I know it's impossible to cover everything, but I hate the idea that a student will encounter transform() and wonder whether they should favor one function or the other.

2 Likes

Hi @PirateGrunt,

My thoughts are that as long as the student is using piped commands to perform their analysis, they wouldn't need to worry about alternate base R functions because they more likely won't work in such set of piped functions. I would suggest that after introducing mutate() to students in his manner: mutate(df, something = 1), get them used to using df %>% mutate(something = 1) going forward. This way, using piped commands, such as df %>% mutate(something =1) %>% select(something) becomes second nature to them, thus reducing the need for them to wonder if the alternate base R function needs to be used, all because every transformation is possible with tidyverse commands. Again, these are just my thoughts.

1 Like

Some functions like transform() do work in a piped operation. For example, the two operations below will produce (almost) the same output. (The first will return a tibble, whereas the second won't.)

dfResult <- dfInput %>%
    mutate(NewCol = OldCol + 1)

dfResult2 <- %>%
    transform(NewCol = OldCol + 1)

So what response do we give the student who asks "When should I use mutate() and when should I use transform(). I'm leaning towards "They're both fine, but I use mutate(). mutate() will always work with piped operations, but I don't have the same guarantee with transform()". Is the argument any stronger than that?

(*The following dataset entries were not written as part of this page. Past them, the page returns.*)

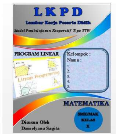
Gambar 5. Cover LKPD Sebelum Revisi Ahli Media

LKPD dengan model pembelajaran kooperatif tipe TTW yang telah disusun diserahkan kepada ahli materi dan media dengan menyertakan lembar penilaian. Berdasarkan perolehan skor kedua penilaian ahli materi dan ahli media, LKPD dengan model pembelajaran kooperatif tipe TTW berorientasi kemampuan pemahaman konsep matematis dapat digunakan di lapangan dengan sedikit revisi disarankan cover LKPD diberi margin kiri untuk penjilidan dan tulisan diperkecil sedikit.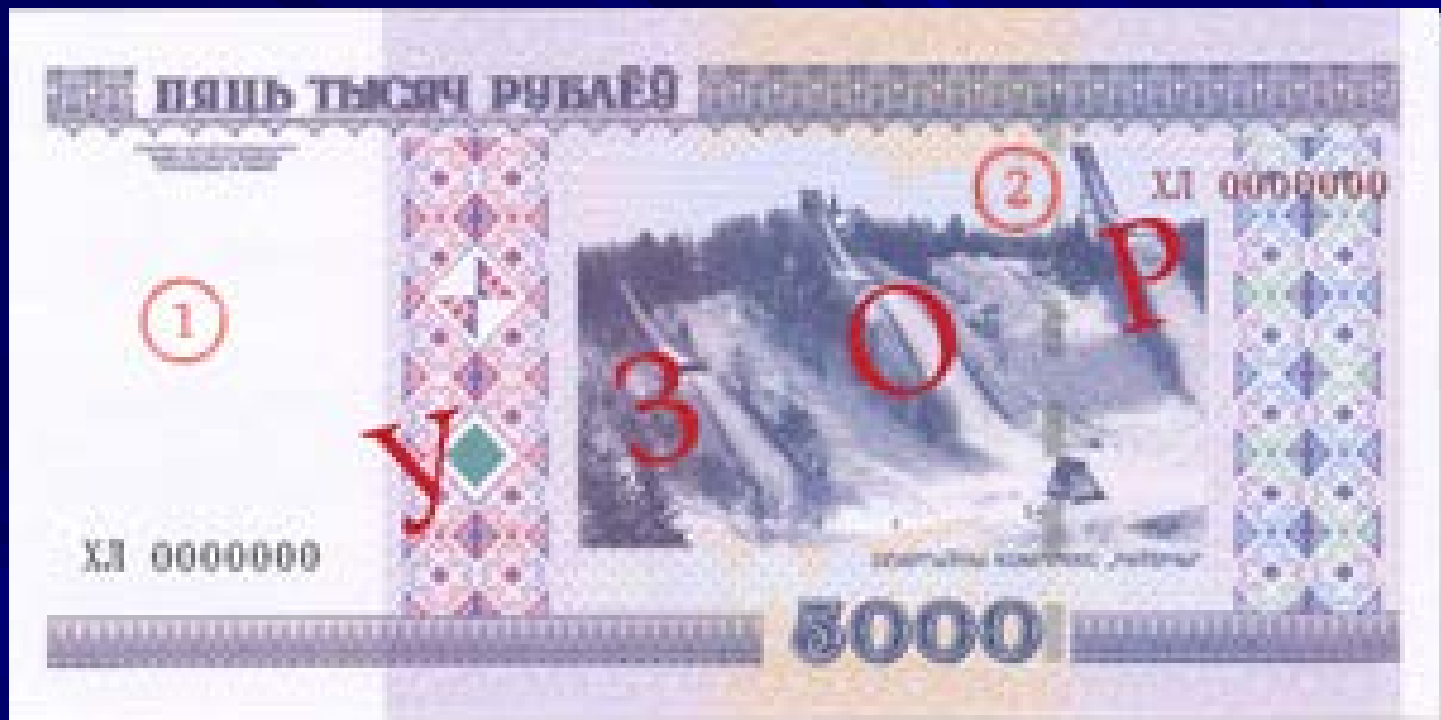
Оборотная сторона: Спортивный комплекс "Раубичи"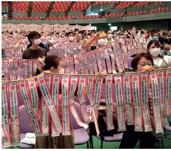
広島宣言を全国から集まったペナントで採択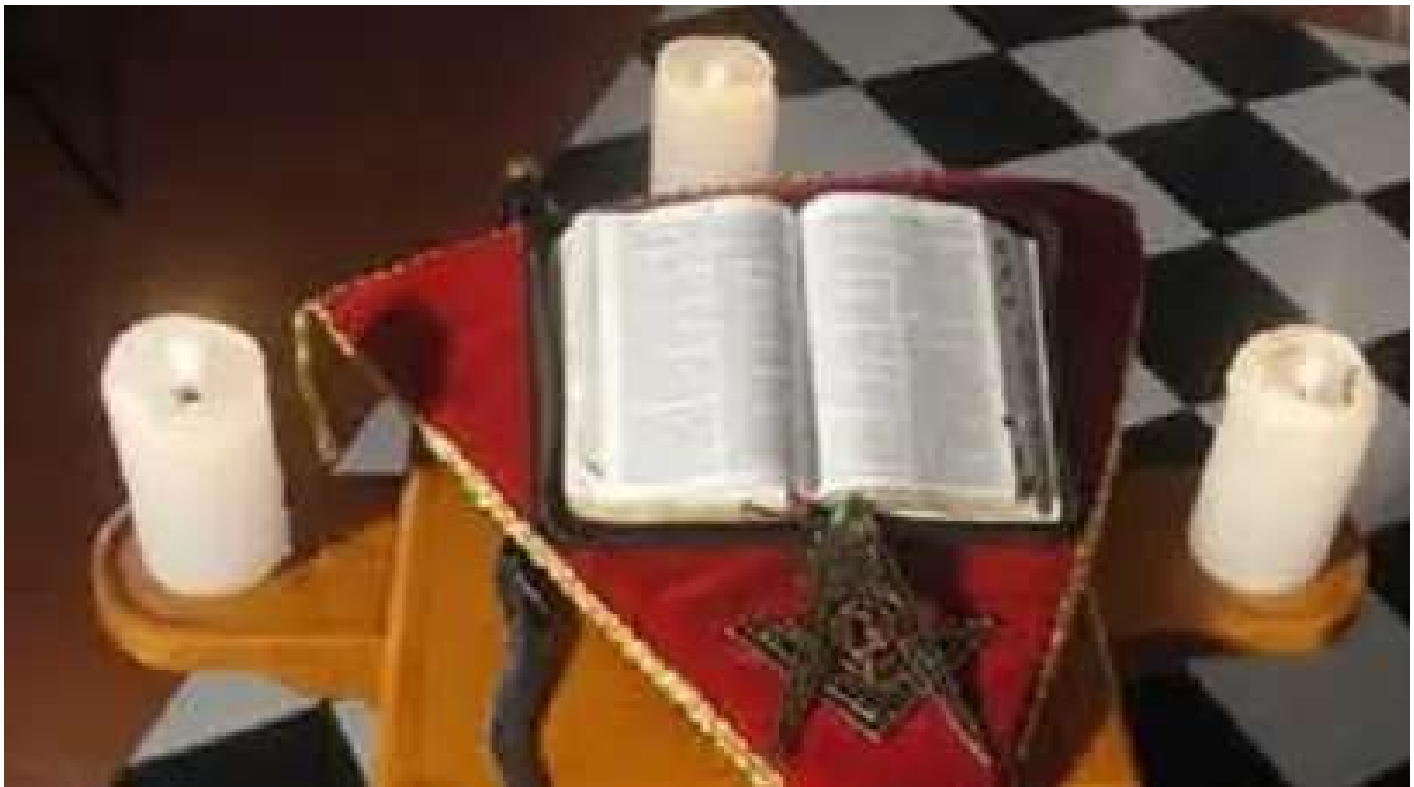
El Ara, donde se refrendan los juramentos y palabra de honor

R.: L.: S.: "Victrix" N°1 Gr.: Or.: de Tampico, Tam.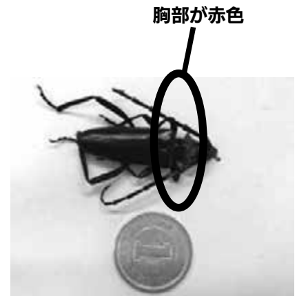
※栃木県ホームページより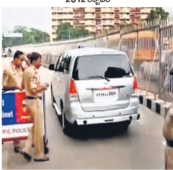
2012 అక్టోబర్ నాటి వీడియోలో హైదరాబాద్ లోని ఉమ్మడి ఆంధ్రప్రదేశ్ సీఎం క్యాంప్ కార్యాలయం ముందు చుట్టూగా కలిపిస్తున్న ఐదవ ఫెన్సింగ్

గిరిజన వర్చిటీకి లోక్ సభ ఆమోదం సమృద్ధి సాధక వర్చిటీపై > 2 ఫలింబిన బీఆర్ఎస్ సారాటం నెరవేరిన తెలంగాణ ప్రజల కల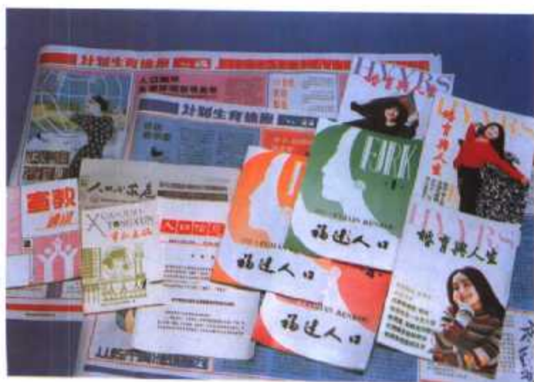
◀ 福建省计划生育委员会出版的报刊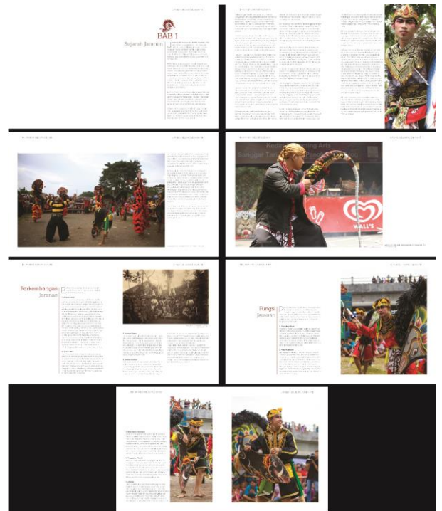
Gambar 3. Layout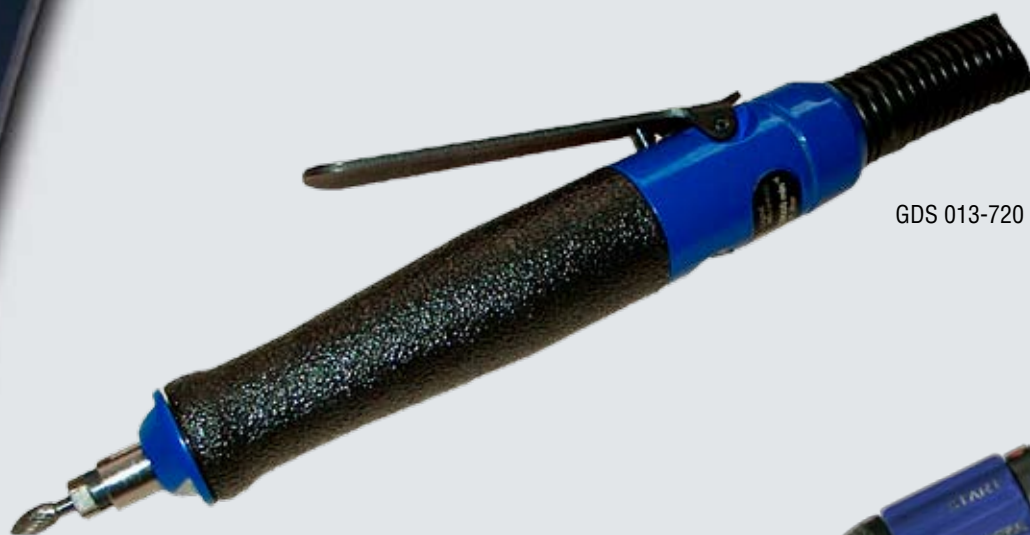
GDS 013-720 BX

I think it's a confusing but true fact of learning to code that there are often multiple ways of doing the same (or very similar) things, the nuances of which always sound wishy-washy until you run into them yourself! So much of my code from my earliest projects reflect a mashup of what was used in the examples I was looking at, and whatever happened to stick with me conceptually first (the reasons for which are still unknown to me— I mean, I'm sure I could post-hoc confabulate, but…).

There are absolutely advantages to using and sticking with a paradigm, but I don't think the way to do it is to pretend nothing else exists. That said, showing five different ways to do the same thing (especially when the words themselves are similar) is usually confusing for someone who's still just trying to wrap their heads around what's being done.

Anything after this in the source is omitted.